_Problem:_ With the pictures left out, transcribe exactly the lines from the one with "Chlebovka značky Bagydesign" through the end of the data.

_Source material:_
+ + + + + + +

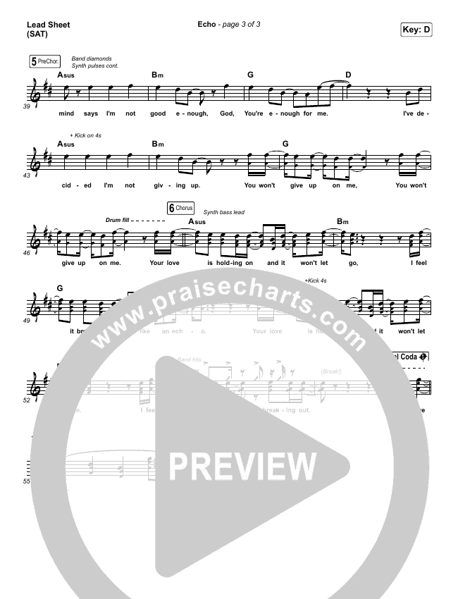 Download the sheet music for Echo by Elevation Worship / Tauren Wells, from the album Hallelujah Here Below. This song was arranged by Daniel Galbraith in the key of C, D.
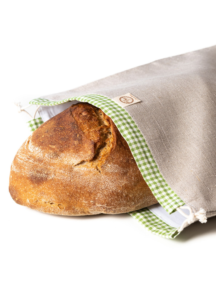 Chlebovka značky Bagydesign je elegantní designový dvouvrstvý pytlík na chleba ušitý ze 100% přírodních materiálů (len/bavlna).
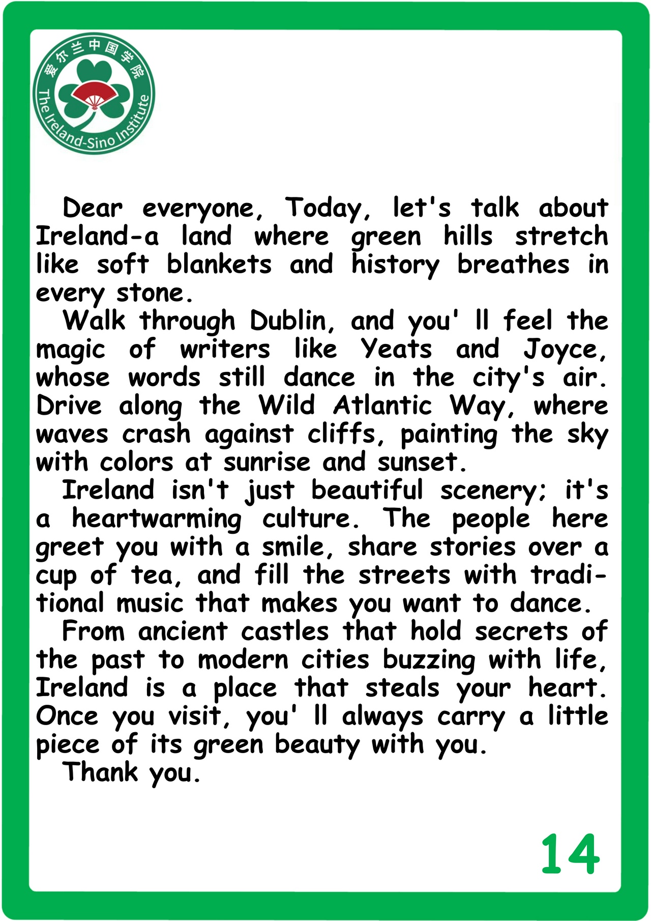 Through the Ireland Sino Institute, we have built libraries, supported teachers, provided learning materials, organised speech festivals, created cultural exchange opportunities, and stood beside communities when they needed it most. I have seen children’s eyes light up as they realise that someone, somewhere in the world, believes in them.

+ + + + + + +

_The completed task:_
 Chlebovka značky Bagydesign je elegantní designový dvouvrstvý pytlík na chleba ušitý ze 100% přírodních materiálů (len/bavlna).
 Through the Ireland Sino Institute, we have built libraries, supported teachers, provided learning materials, organised speech festivals, created cultural exchange opportunities, and stood beside communities when they needed it most. I have seen children’s eyes light up as they realise that someone, somewhere in the world, believes in them.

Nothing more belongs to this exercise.